If you go to a supermarket in a developed country today, then you will find aisles upon aisles of fresh fruit and vegetables imported from all over the world. Carrots, potatoes, broccoli, lettuce, apples, bananas, pears, peppers, avocado, lychees, pineapples. A whole pineapple will usually set you back about £1 in the UK. Whilst pineapples are still looked upon as a nice fruit that may not quite be for every day consumption (and can even lead to heated debates about its placement on a pizza), many will be surprised to hear that just a few hundred years ago pineapples were one of the most revered items in Western culture.
Decorative stone pineapples still adorn many houses today. Via Haddonstone.
The pineapple was first knowingly laid eyes upon by Westerners in 1493 by Christopher Columbus and his crew in Guadeloupe. The fruit is believed to have originated in Brazil, but the Native American civilisations of South America had transported it across the Continent and later to the Caribbean and Central America in previous centuries. Columbus was astonished by the flavour of the fruit and managed to bring some specimens back to Spain with him.
Across the next century, the Western Imperial powers spread the pineapple across the world to their colonies in warmer climes. The Spanish spread it to the Philippines, Hawaii, Zimbabwe and Guam, whilst the Portuguese introduced it to India. Whilst some of the wealthiest in Europe managed to taste the fruit, most of the pineapples had rotted in the time it took to sail from South America to Europe. This was the source of great frustration.
As such, by the 1600s, Kings and Queens across Europe charged their gardeners to find ways to grow the fruit in the more temperate climate of their homelands. It is unclear who was first successful in this task. Historian Francesca Beauman suggests that the pineapple in the estate of Agnes Block in Vijverhof, modern-day Belgium, in 1685 was the first to have been grown in Europe. Although some small-scale or one-off pineapple farming attempts were successful in the seventeenth century, it was not until the next century that techniques were truly refined to allow reliable farming of the fruit.
Agnes Block and her family at their summer home Vijverhof, 1694. To the left, a cultivated pineapple is seen growing. WikiCommons.

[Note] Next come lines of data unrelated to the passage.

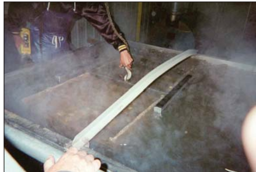
Fig. 3 Cartload of oyster trays dipped in hot water bath for 24 minutes.

Pasteurization is a patented process using hot and cold-water treatment to lower the levels of Vibrio bacteria to non-detectable levels. In-shell oysters are placed in warm water (126 degrees Fahrenheit) for 24 minutes (Figure 3) and then immediately dipped in cold water (40 degrees Fahrenheit) (Figure 4) to stop the cooking process of the meat. The cold water dipping lasts 15 minutes before the oysters are packed for the half shell market or sent for further processing as shucked meat.
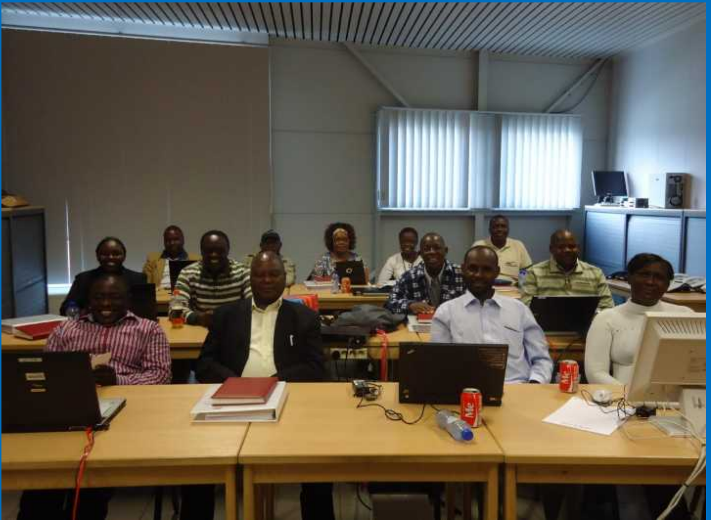
A team of representatives from the Ministries during the training in Belgium
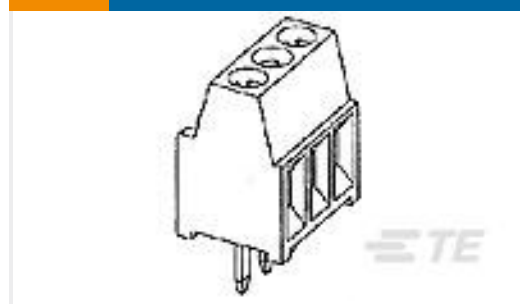
TE Part #1-282834-1 TERMI-BLOK PCB MOUNT, 90 11P.
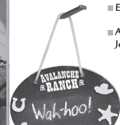
■ Empty Tomb! ■ Awesome Surprises Jesus Is Risen!
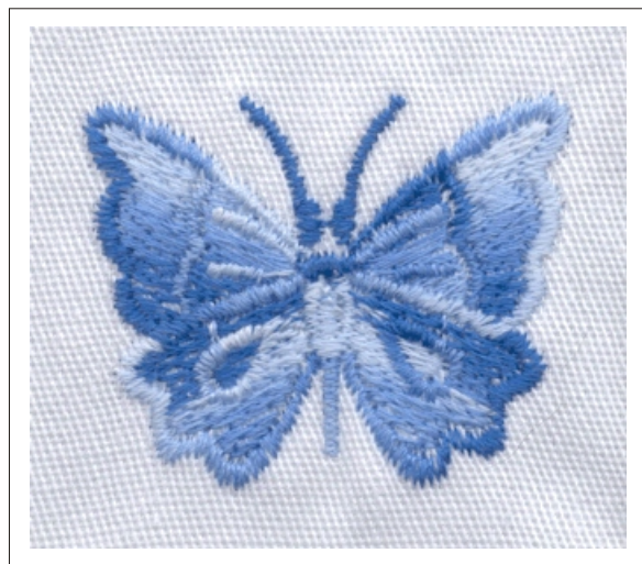
Sylko Multi - for ombre & multi-colour designs

Sylko Multi is a fine count mercerised cotton embroidery thread which has been space dyed in an attractive range of ombre and multi-colour shades
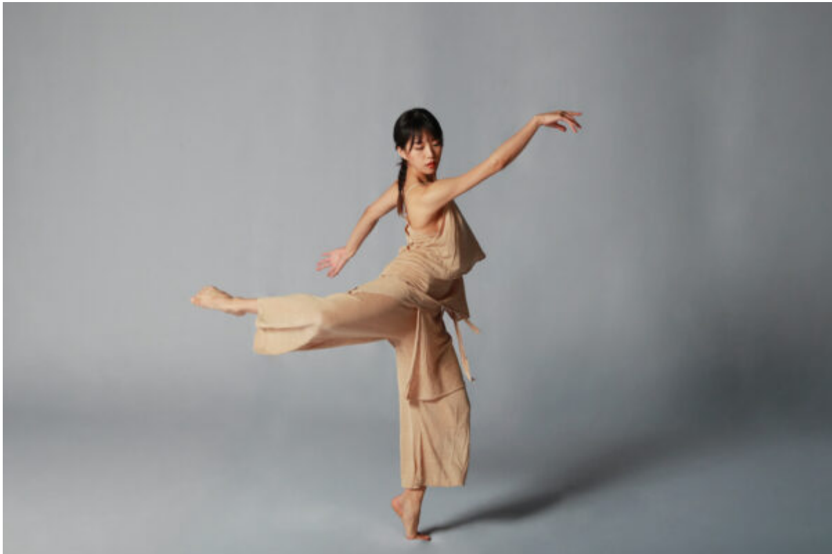
Films.Dance.
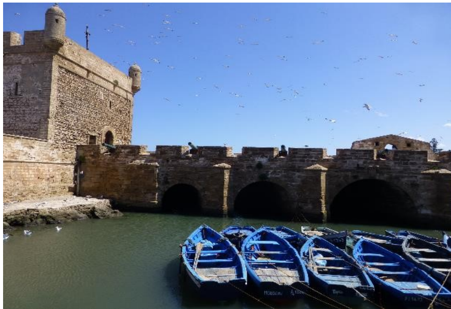
Figure 2: Photo De La Skala Du Port d'Essaouira Reconstitue Sur L'ancien Fort Portugais Le Castelo Del Real.

In our methodology, we were inspired by Clifford Geertz's seminal notion from 1973 that 'Man is an animal suspended in webs of significance he himself has spun,' while also incorporating insights from the fields of semiotics (Pierce, 1935-1994) and semantics (Morris, 1971) Our initial point of departure was a comprehensive examination of the city's image through the interconnected frameworks of iconography, semiology, and semantics. Subsequently, we delved into an interpretative analysis of the myriad channels of messages and discourses that these frameworks produce, serving not only as carriers of fluctuating meanings but also as components of identifiable communication systems.

Hot houses were created to produce the correct temperature. Similar to greenhouses, the hot houses would often use manure or Tanner’s bark – the ground bark of the oak tree – to generate heat. This was enough to maintain a temperature of around 27C , sufficient to grow the pineapples. Now that pineapples could be grown in Europe, instead of imported unreliably (although they continued to do so), the demand that had been waiting for centuries exploded. Everybody who was anybody wanted a piece.
Royalty of course came top of the list. Between 1675 and 1680, Charles II of England, Scotland and Ireland had a portrait painted showing him being presented with a pineapple by a man believed to be his royal gardener. It was said that this was the first pineapple grown in England, although historians are sceptical due to the early date, believing it was more likely to have been imported. In the 18th century, however, royalty across Europe were successful in growing the fruit.
Charles II Presented with a Pineapple c.1675-80, unknown artist. Royal Collection Trust.
In 1733, Louis XV of France was presented with a pineapple grown in the gardens of Versaille. He was so happy with the taste of it that he sent a piece to every noble in the country so they could taste it for themselves. By 1738, a hot house was built at the palace which was soon growing over 800 plants. In 1782, the Duke of Bouillon’s home in France supposedly had 4000 pots of pineapples. At the end of the century, even Catherine the Great of Russia was eating pineapples from her own gardens.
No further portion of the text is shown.